D-: 1.5 stars (out of 5)
1968 | United States | 106 min | More...
Reviewed Mar 6, 2009

Despite teaming James Stewart and Dean Martin, Bandolero may be one of the reasons the Western died.

The plot sees George Kennedy as a sheriff purusing outlaw brothers Stewart and Martin into bandit country after they kidnapp a wealthy widow, played by Raquel Welch.

It’s a film that doesn’t know what it wants to be. Though it re-teams director Andrew V. McLaglen, screenwriter James Lee Barrett, and star Stewart, who had previously made Shenandoah together, this outing alternates between not taking itself seriously, and taking itself far too seriously, sometimes in the same scene.

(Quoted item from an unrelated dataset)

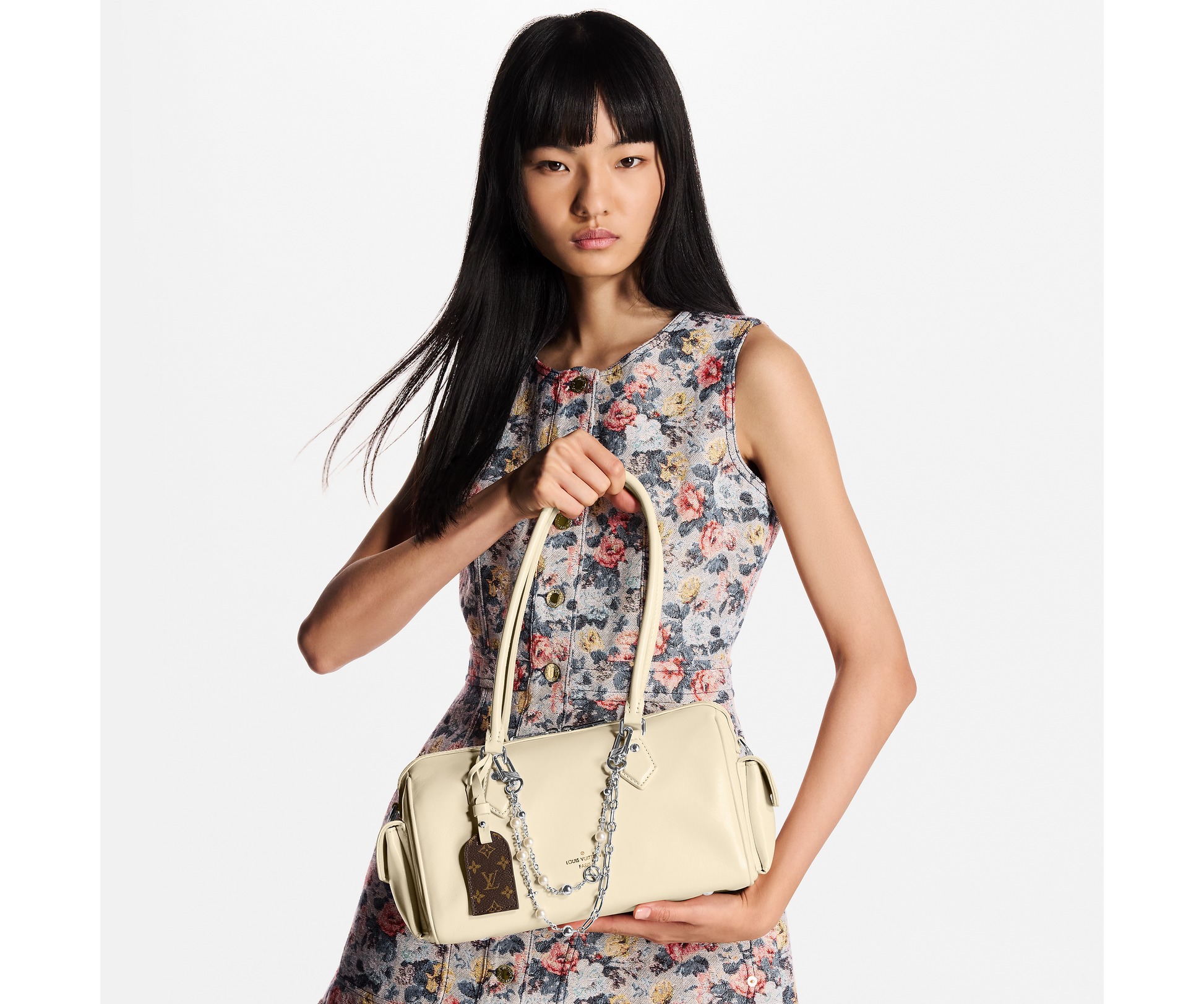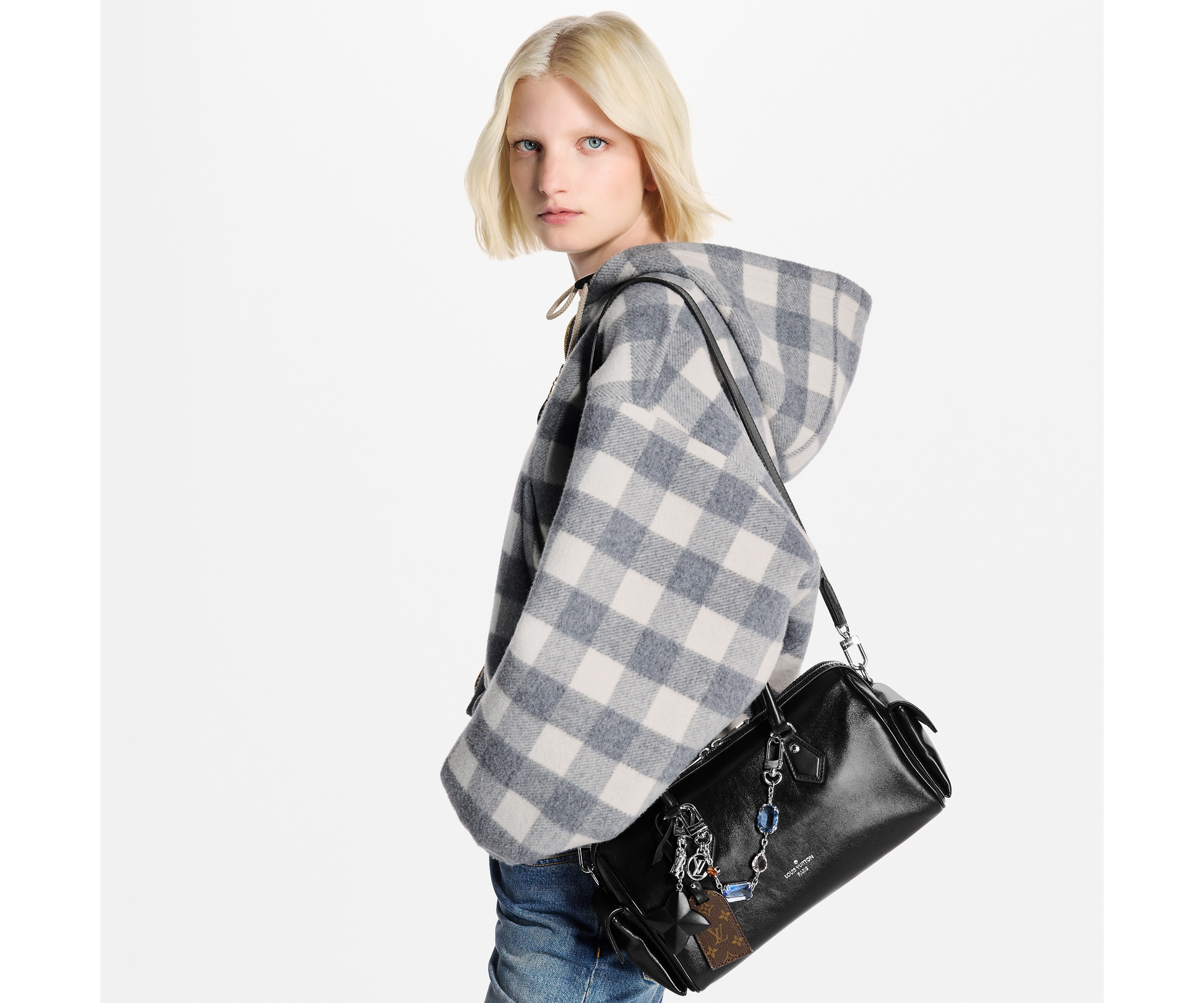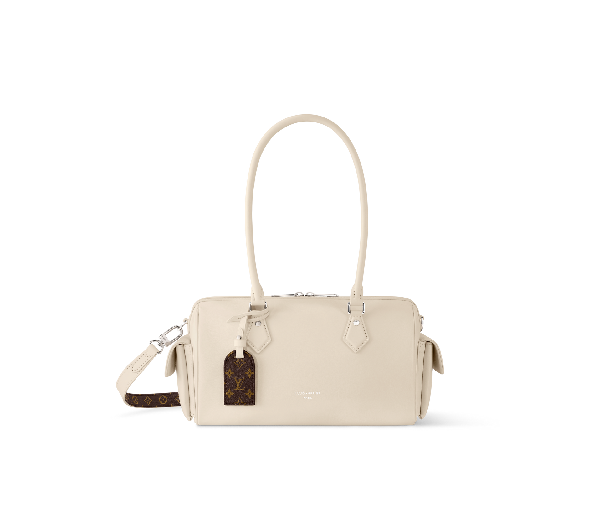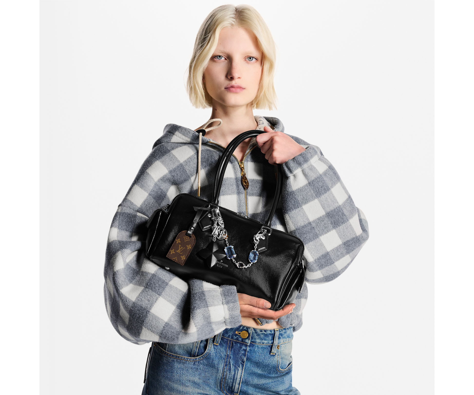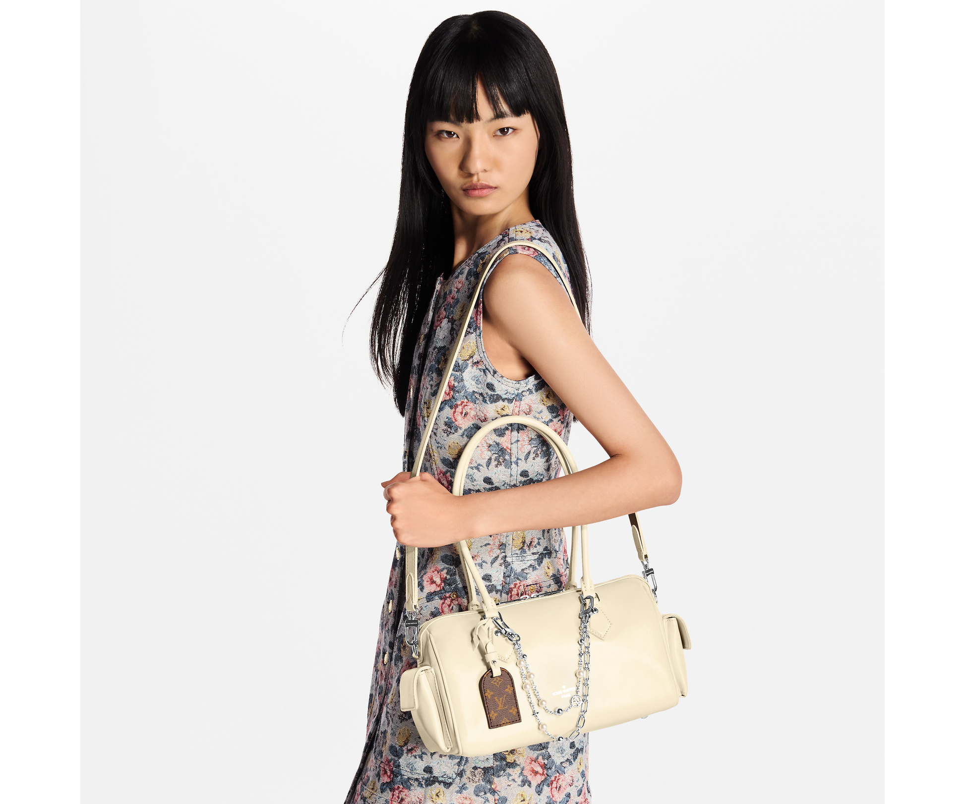Part of the LV Vibe collection, the Speedy Cargo reimagines the original 1930s design with a neo-rock edge. It is crafted from glossy lambskin and accented with a Monogram address tag, paying tribute to the House’s trunk-making heritage. Capaciously sized for everyday essentials, it offers multiple carry options thanks to the removable leather strap.
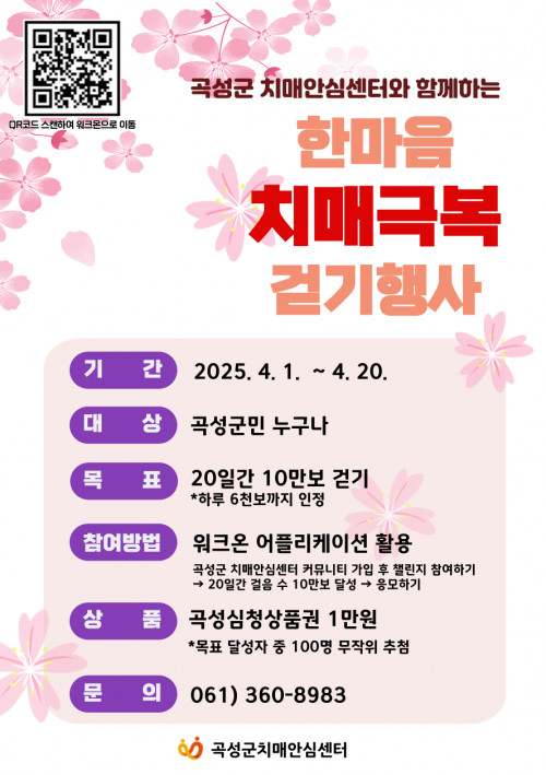 Âü¿©¸¦ ¿øÇÏ´Â ÁÖ¹ÎÀº ¸ð¹ÙÀÏ ¾ÖÇø®ÄÉÀÌ¼Ç ¡®¿öÅ©¿Â¡¯À» ´Ù¿î·ÎµåÇÑ µÚ, ¡®°î¼º±ºÄ¡¸Å¾È½É¼¾ÅÍ¡¯ Ä¿¹Â´ÏƼ¿¡ °¡ÀÔÇØ 縰Áö¿¡ Âü¿©ÇÏ¸é µÈ´Ù. ¸ñÇ¥ °ÉÀ½ ¼ö´Â 20Àϰ£ 10¸¸ º¸·Î, ÇÏ·ç ÃÖ´ë 6,000º¸±îÁö ÀÎÁ¤µÈ´Ù. ÀÌ´Â ¹«¸®ÇÑ ¿îµ¿À» ¹æÁöÇϸ鼵µ Áö¼ÓÀûÀÎ °È±â ½ÇõÀ» À¯µµÇϱâ À§ÇÔÀÌ´Ù. ±âÇÑ ³» ¸ñÇ¥¸¦ ´Þ¼ºÇÑ Âü°¡ÀÚ Áß 100¸íÀ» ¹«ÀÛÀ§·Î ÃßÃ·ÇØ ¸ð¹ÙÀÏ °î¼º½Éû»óǰ±Ç 1¸¸ ¿ø±ÇÀ» Áö±ÞÇÑ´Ù.

Stewart and Martin are two actors with charisma to spare, yet both seem flat here, as if they realize the stinker they’re producing. Granted, Stewart does have a lot of fun in the film’s best sequence where he poses as a hangman, but that’s about it.

Then there’s the Raquel Welch problem. Cute though she may be, she offers nothing in the way of believability, and can’t carry her few dramatic scenes.

For western fans, or fans of the stars, Bandolero’s casting may be too good to resist, which is likely what the studio and filmmakers were counting on; banking on the reputation of those involved rather than putting together a decent product. Skip it.